Naturally, the rampant cartoon censorship of the 90s couldn’t keep Semper from wanting to explore darker themes from his own favorite Spider-Man comics, and that’s how his team came up with a season-long re-imagining of iconic arcs like the Six-Arm Saga, The Mutant Agenda and even the first appearance of the Sinister Six. These stories would be enhanced with additional “dark” characters like Blade, The Punisher and even Morbius (though the latter had to exchange his vampiric blood-drinking for bizarre plasma-absorbing powers in order to conform to network guidelines).
If you haven’t yet seen it, the complete Neogenic Nightmare arc follows Spider-Man as he discovers that his mutation is progressing beyond his initial superpowers and threatening to turn him into a more monstrous hybrid. After developing extra arms, Spidey goes so far as to request help from both the X-Men and several other super-heroes as he becomes embroiled in a criminal conspiracy involving a team-up between some of his most iconic villains. The arc eventually introduces us to the show’s version of Man-Spider, which is depicted here as the monstrous final stage of the process which began when Peter was first bitten by that radioactive spider.

Personally, I think this werewolf-like addition to Spidey’s genetic curse is the best incarnation of Man-Spider that we’ve ever seen. This is because the six-armed body horror of it all adds even more weight to Peter’s decision to keep helping others regardless of what his powers may cost him, with the creature’s final rampage even giving the supporting cast a chance to help Spider-Man for a change. While I don’t hate the Morbius movie as much as some other comic fans, it’s a shame that Sony relegated that story to a solo film instead of later incorporating it into the Man-Spider saga like Neogenic Nightmare did.

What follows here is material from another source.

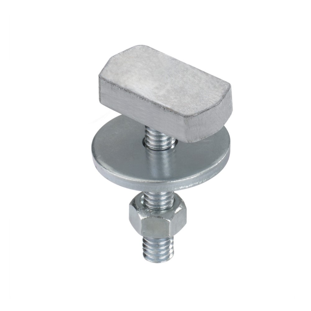 Vite testa a rombo FCS per il fissaggio rapido e semplice in profili MS. Il sistema vite testa a rombo, rosetta e dado preassemblato consente una rapida e semplice installazione. L’inserimento laterale della vite testa a martello nel profilo di montaggio consente un facile posizionamento. Adatta per il fissaggio di collari per tubazioni in profili di montaggio MS a inserimento laterale. La vite testa a rombo si può inserire in qualsiasi punto della rotaia anche per applicazioni in retrofit. PROPRIETÀ: Dado a rombo: Acciaio secondo DIN EN 10025. Barra filettata: Acciaio 4.8 secondo DIN 976. Dado esagonale: Acciaio ISO 898-2 Tab. 4 resistenza min. 4. Rosetta: Acciaio secondo DIN EN 10025. Zincatura elettrolitica, min. 5 µm. Filettatura M8 x 30 mm di lunghezza.

Season two of the animated series ended up being an even bigger hit than the first, with fans loving the show’s take on an expanded Marvel Universe (which even included the ’90s X-Men cast) as well as the darker take on a more monstrous Spider-Man. That’s why it makes sense that the MCU’s return to street-level comic adventures would harken back to this particular storyline – especially since it appears that the Disney wishes to use the upcoming film as an opportunity to shine a light on other Marvel characters just like Semper did back in the day.
From what we can see in the trailer, Tom Holland’s Spider-Man appears to be going through his own additional transformations, including creepy fully black eyes and organic web-shooter, as well as the cocoon-building behavior previously seen in Marvel’s The Other arc in the comics. As I mentioned before, I doubt that the MCU will allow this particular cash cow to fully transform into a nightmarish spider freak that can scare away children, but there’s always a chance that the studio could surprise us with more horror elements. I’d also love to see the story explore Spidey’s mutation and use that as an excuse to formally introduce X-Men’s mutants into the MCU, especially since Sadie Sink is rumored to be playing Jean Grey in the flick.
However, even if Brand New Day doesn’t adapt as much of the Neogenic Nightmare as the promotional material has suggested, I’d argue that this particular season of Spider-Man: The Animated Series is still worth revisiting simply because it’s a great example of artists being able to work past network limitations in order to tell complex stories that approach full-on body-horror.